Train the Model with a Progress Bar Including Validation Data

# Re-instantiate model
model = NeuralNetwork()

# Train the model with progress bar
loss_fn = nn.CrossEntropyLoss()
optimizer = torch.optim.SGD(model.parameters(), lr=1e-3)

epochs = 10
train_loop_pbar_with_val(new_train_dataloader, val_dataloader, model, loss_fn, optimizer, epochs)
Epoch 1/10
750/750 ━━━━━━━━━━━━━━━━━━━━ 9s 11ms/step - loss: 2.2487 - acc: 0.3137 - val_loss: 2.1909 - val_acc: 0.4718
Epoch 2/10
750/750 ━━━━━━━━━━━━━━━━━━━━ 8s 10ms/step - loss: 2.1157 - acc: 0.5244 - val_loss: 2.0218 - val_acc: 0.5712
Epoch 3/10
750/750 ━━━━━━━━━━━━━━━━━━━━ 8s 10ms/step - loss: 1.8946 - acc: 0.5786 - val_loss: 1.7467 - val_acc: 0.5937
Epoch 4/10
750/750 ━━━━━━━━━━━━━━━━━━━━ 7s 10ms/step - loss: 1.5998 - acc: 0.6092 - val_loss: 1.4567 - val_acc: 0.6229
Epoch 5/10
750/750 ━━━━━━━━━━━━━━━━━━━━ 7s 10ms/step - loss: 1.3470 - acc: 0.6311 - val_loss: 1.2464 - val_acc: 0.6442
Epoch 6/10
750/750 ━━━━━━━━━━━━━━━━━━━━ 8s 10ms/step - loss: 1.1730 - acc: 0.6466 - val_loss: 1.1054 - val_acc: 0.6586
Epoch 7/10
750/750 ━━━━━━━━━━━━━━━━━━━━ 8s 11ms/step - loss: 1.0547 - acc: 0.6574 - val_loss: 1.0077 - val_acc: 0.6715
Epoch 8/10
750/750 ━━━━━━━━━━━━━━━━━━━━ 8s 11ms/step - loss: 0.9714 - acc: 0.6674 - val_loss: 0.9376 - val_acc: 0.6828
Epoch 9/10
750/750 ━━━━━━━━━━━━━━━━━━━━ 8s 11ms/step - loss: 0.9106 - acc: 0.6786 - val_loss: 0.8853 - val_acc: 0.6913
Epoch 10/10
750/750 ━━━━━━━━━━━━━━━━━━━━ 8s 10ms/step - loss: 0.8644 - acc: 0.6892 - val_loss: 0.8449 - val_acc: 0.7011

As a sniff test, run the original test_loop() with the validation dataset and verify the output is the same as the last epoch in the train_loop_pbar_with_val() loop:

test_loop(val_dataloader, model, loss_fn)
Test Error:
 Accuracy: 70.1%, Avg loss: 0.844919

Conclusion

Writing training loops and test loops can be verbose, especially when gathering important metrics to report. Utilizing Keras’s progress bar not only makes for a more visually appealing report, but can also simplify the amount of code needed for gathering and reporting metrics when training a model.

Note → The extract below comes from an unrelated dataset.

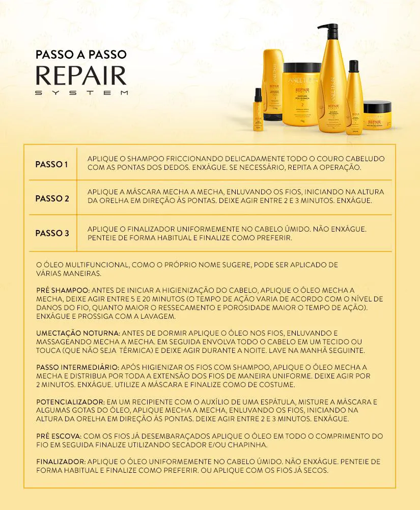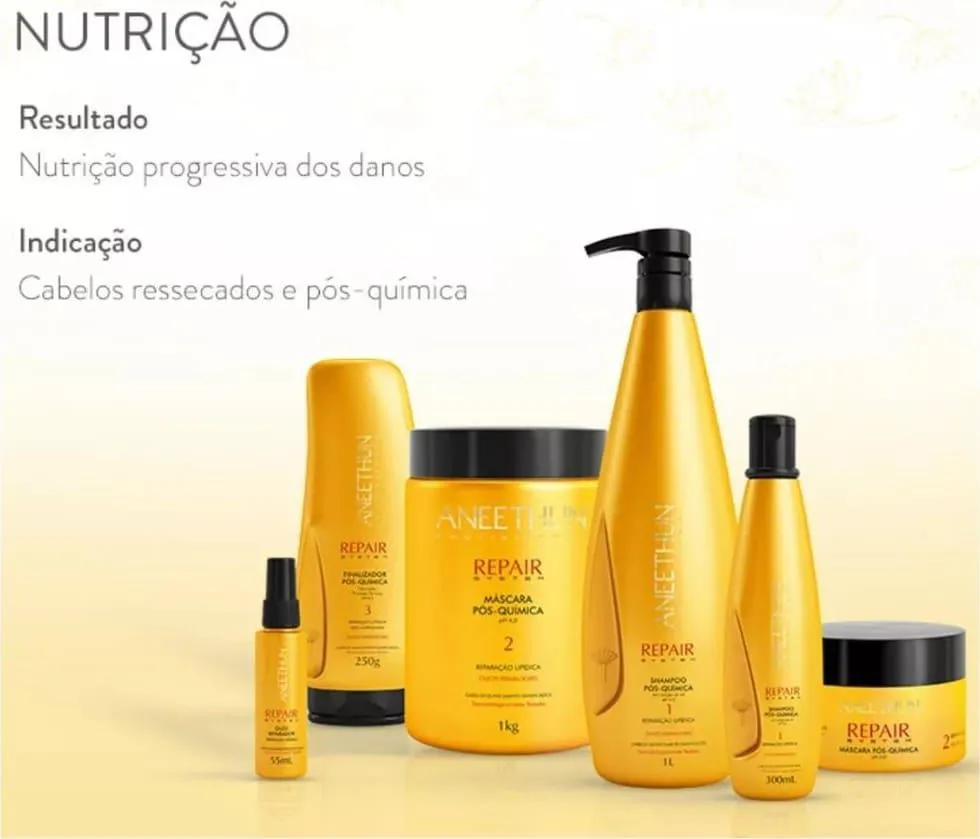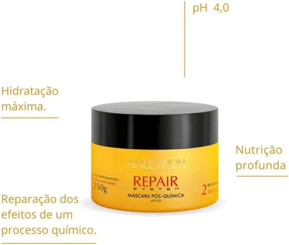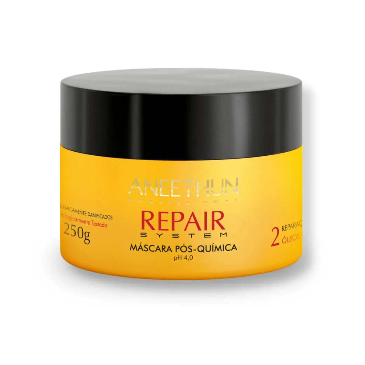 Máscara capilar especialmente formulada para cabelos com química, a Máscara Pós-Química Aneethun Repair System promove hidratação, nutrição e reparação profunda dos fios. Enriquecida com poderosos óleos reparadores, fortalece a fibra capilar, devolve elasticidade e resistência, prevenindo a quebra, o frizz e as pontas duplas. Benefícios:- Hidratação intensa e nutrição profunda

This recipe tutorial explored how to replace the traditional manual reporting in a training and test loop with an approach that uses Keras’s ProgBar class. It was shown how to employ a progress bar with not just a training and testing set, but also with a validation set to be used during model training.